There has been a growing interest in interpreting the underlying dynamics of
Transformers. While self-attention patterns were initially deemed as the
primary option, recent studies have shown that integrating other components can
yield more accurate explanations. This paper introduces a novel token
attribution analysis method that incorporates all the components in the encoder
block and aggregates this throughout layers. Through extensive quantitative and
qualitative experiments, we demonstrate that our method can produce faithful
and meaningful global token attributions. Our experiments reveal that
incorporating almost every encoder component results in increasingly more
accurate analysis in both local (single layer) and global (the whole model)
settings. Our global attribution analysis significantly outperforms previous
methods on various tasks regarding correlation with gradient-based saliency
scores. Our code is freely available at
this https URL.

本文提出了一种新的 token 指定分析方法，将编码器块中的所有组件结合起来并在各层中进行聚合，通过广泛的定量和定性实验，证明我们的方法可以产生忠实和有意义的全局 token 指定，引入几乎每个编码器组件在本地 (单层) 和全局 (整个模型) 设置下的分析结果表明，我们的全局指定分析在与基于梯度的显著性分数相关的各种任务方面显著优于先前的方法，我们的代码可在此 https URL 免费获取。

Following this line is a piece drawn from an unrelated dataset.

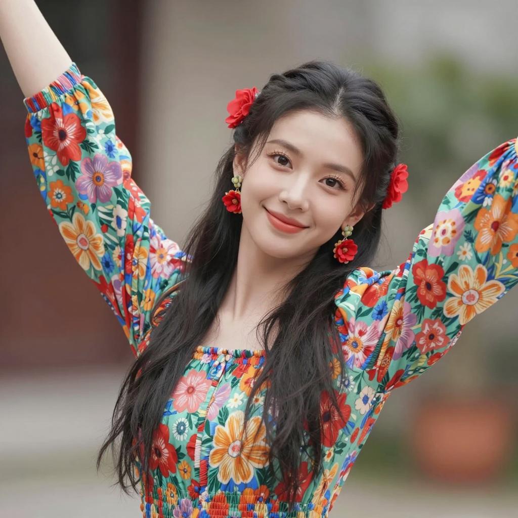 Portrait of a young Asian woman with long black hair, wearing a multicolored floral dress with long sleeves. She is smiling and posing with her arms raised, adorned with red flower hair ornaments and matching floral earrings. The background is blurred, highlighting her bright eyes and cheerful expression.

GlobEnc: 在 Transformer 中使用整个编码器层来量化全局标记归因

GlobEnc: Quantifying Global Token Attribution by Incorporating the Whole Encoder Layer in Transformers

In this paper, we propose a simple and effective technique to allow for
efficient self-supervised learning with bi-directional Transformers. Our
approach is motivated by recent studies demonstrating that self-attention
patterns in trained models contain a majority of non-linguistic regularities.
We propose a computationally efficient auxiliary loss function to guide
attention heads to conform to such patterns. Our method is agnostic to the
actual pre-training objective and results in faster convergence of models as
well as better performance on downstream tasks compared to the baselines,
achieving state of the art results in low-resource settings. Surprisingly, we
also find that linguistic properties of attention heads are not necessarily
correlated with language modeling performance.

该文提出了一种利用双向 Transformer 实现高效自监督学习的简单而有效的技术，该方法利用辅助损失函数引导注意力头符合自注意力特征，并可以适用于不同的预训练目标，实验证明该方法相对于基线模型更快收敛同时在下游任务中性能更好，在低资源环境中取得了业界领先结果。